>>>

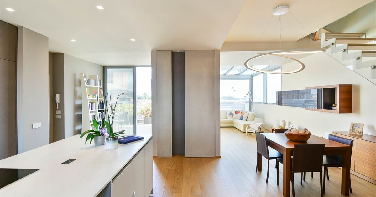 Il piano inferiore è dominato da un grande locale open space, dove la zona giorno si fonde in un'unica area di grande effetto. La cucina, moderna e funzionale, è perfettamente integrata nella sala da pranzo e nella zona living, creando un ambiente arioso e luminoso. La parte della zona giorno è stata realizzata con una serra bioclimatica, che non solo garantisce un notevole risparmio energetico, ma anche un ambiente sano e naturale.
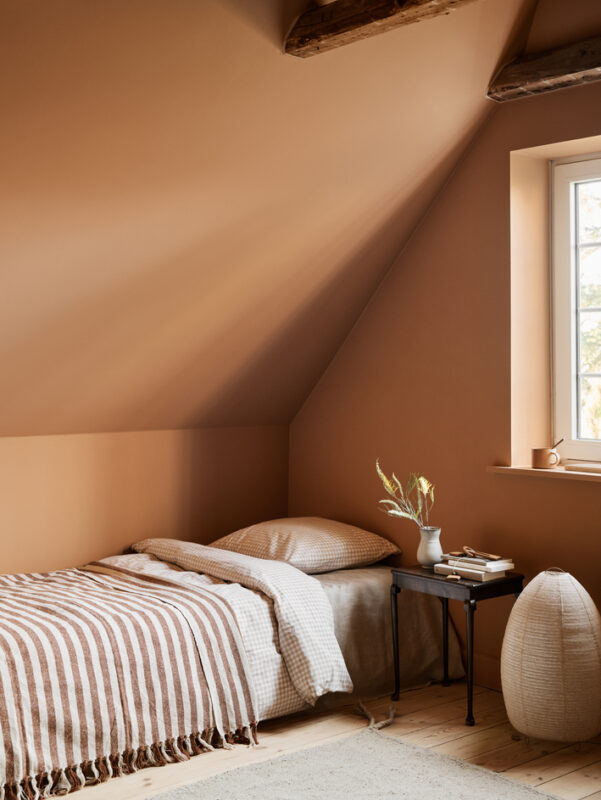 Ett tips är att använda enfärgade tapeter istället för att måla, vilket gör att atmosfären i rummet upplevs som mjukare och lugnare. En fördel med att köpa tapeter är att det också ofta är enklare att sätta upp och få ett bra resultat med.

<<<
>>>

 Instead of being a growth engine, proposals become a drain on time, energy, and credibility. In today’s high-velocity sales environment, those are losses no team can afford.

<<<

*WORK INSTRUCTIONS*: Starting at the line containing "Il piano inferiore" and stopping at the line containing "Ett tips är", output every line above exactly, both ends included, with pictures omitted.

*RESPONSE TO THIS TASK*:
 Il piano inferiore è dominato da un grande locale open space, dove la zona giorno si fonde in un'unica area di grande effetto. La cucina, moderna e funzionale, è perfettamente integrata nella sala da pranzo e nella zona living, creando un ambiente arioso e luminoso. La parte della zona giorno è stata realizzata con una serra bioclimatica, che non solo garantisce un notevole risparmio energetico, ma anche un ambiente sano e naturale.
 Ett tips är att använda enfärgade tapeter istället för att måla, vilket gör att atmosfären i rummet upplevs som mjukare och lugnare. En fördel med att köpa tapeter är att det också ofta är enklare att sätta upp och få ett bra resultat med.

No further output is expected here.